> Overall, this can mean significantly higher throughput and lower energy, but g...

nbingham · on April 2, 2019

Ideally, none. We're leaning toward FPGAs and CGRAs to accelerate tight inner loops. This means that it will have a huge effect on compilers. They will have to compile from a control flow behavioral description like C to a data-flow description to map onto the array. This compilation process is honestly not solved. This is why you have verilog instead of just compiling C to circuitry.
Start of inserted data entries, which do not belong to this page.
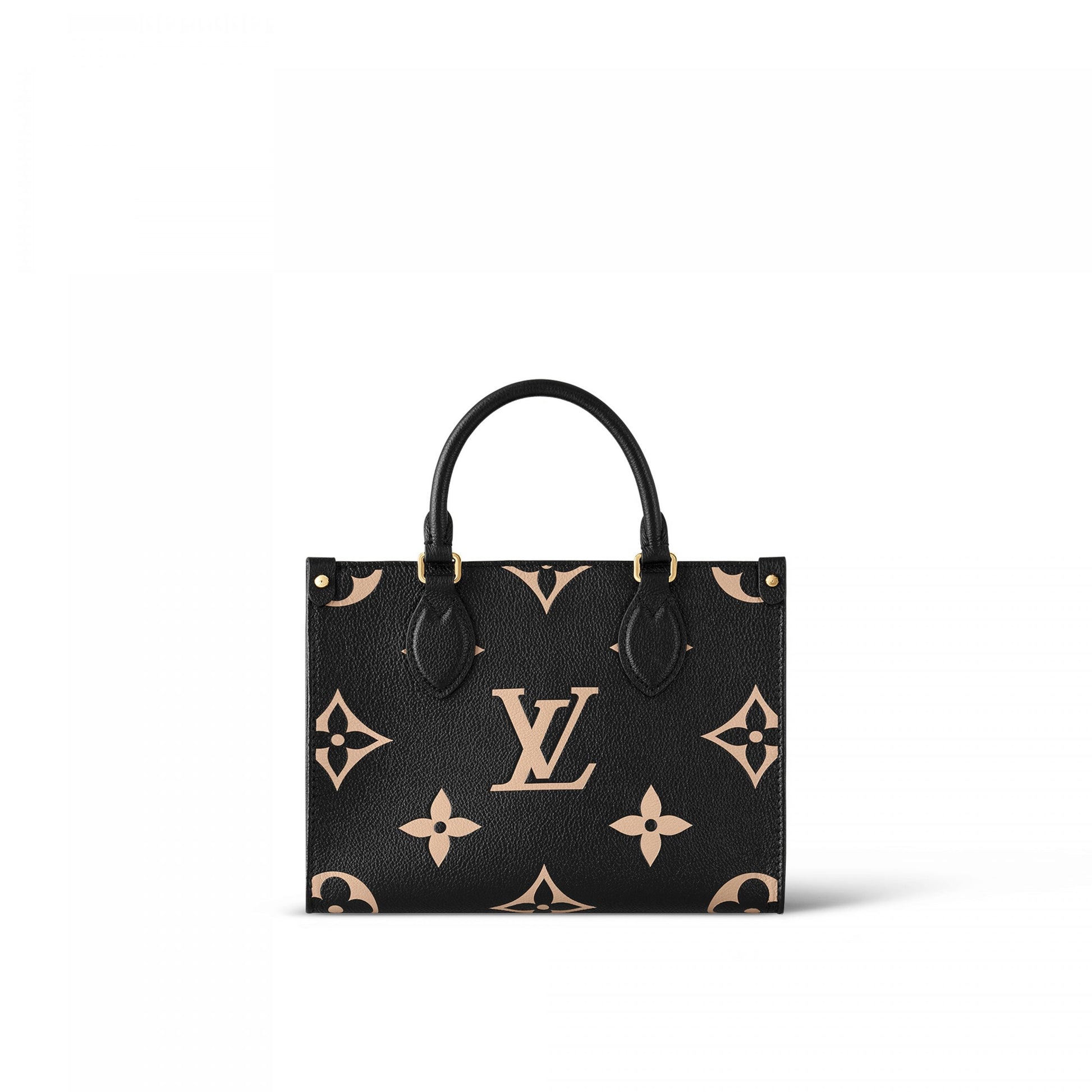 Inspired by Louis Vuitton’s famous Sac Plat from 1968, the OnTheGo PM tote is fashioned in Monogram Empreinte leather, embossed with a Medium Bicolor Monogram pattern. This smaller version of the original OnTheGo fits essentials such as an iPad Mini. Articulated top handles and an adjustable removable strap offer a variety of carry options.
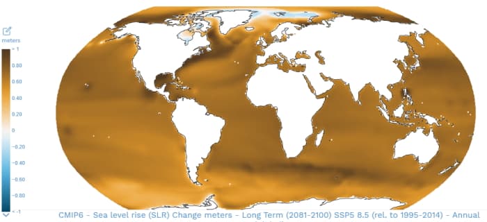 Projection de l'élévation du niveau de la mer d'ici 2010 selon le scénario pessimiste - via IPCC
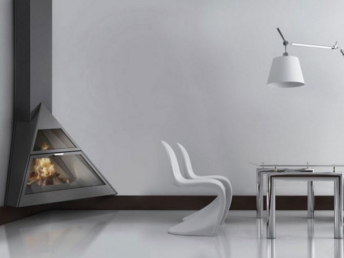 Металната ъглова камина е идеална за минималистичен интериор, превръщайки се в централен, привличащ вниманието елемент от цялостната композиция. Това не затруднява дизайнерското решение, но като че ли създава хармоничен баланс при разпределението на обектите в пространството. Тази стая ще се промени изцяло вечер или в дъждовен ден - езиците на пламъка, отразени по стените, ще създадат приказно осветление и мистерия в нея. Добре е да се задълбочите в четенето на интересна книга или да прекарате романтична вечер близо до такава печка в мълчание.

I've taken a crack at it (in the form of QDI circuit synthesis from CHP) and every sub-problem is either NP-hard or NP-complete.

Though all of this is assuming we solve the memory bottleneck... which... might come about with upcoming work on 3D integration and memristors? who knows.

no_identd · on April 7, 2019

>every sub-problem is either NP-hard or NP-complete.

Did you check if they're FPT? (Fixed Parameter Tractable)

naasking · on April 2, 2019

So this is mostly challenging for imperative languages? So a dataflow heavy language, like functional programming, might be easier to compile?

jcranmer · on April 2, 2019

The challenge isn't in extracting a dataflow graph from an imperative control flow format. Compilers are already capable of doing this, and every major compiler has an expression DAG at some point. The challenge is in mapping from a generic dataflow graph to the actual dataflow hardware primitives, which have different requirements whose constraints may require non-trivial mappings.

naasking · on April 3, 2019

Register allocation is also NP complete, but we have plenty of efficient approximations that work well enough in practice, like linear scan for fast compilation, or by graph coloring or puzzle solving for slower but more efficient compilation. Is there a comparable tradeoff available in this case?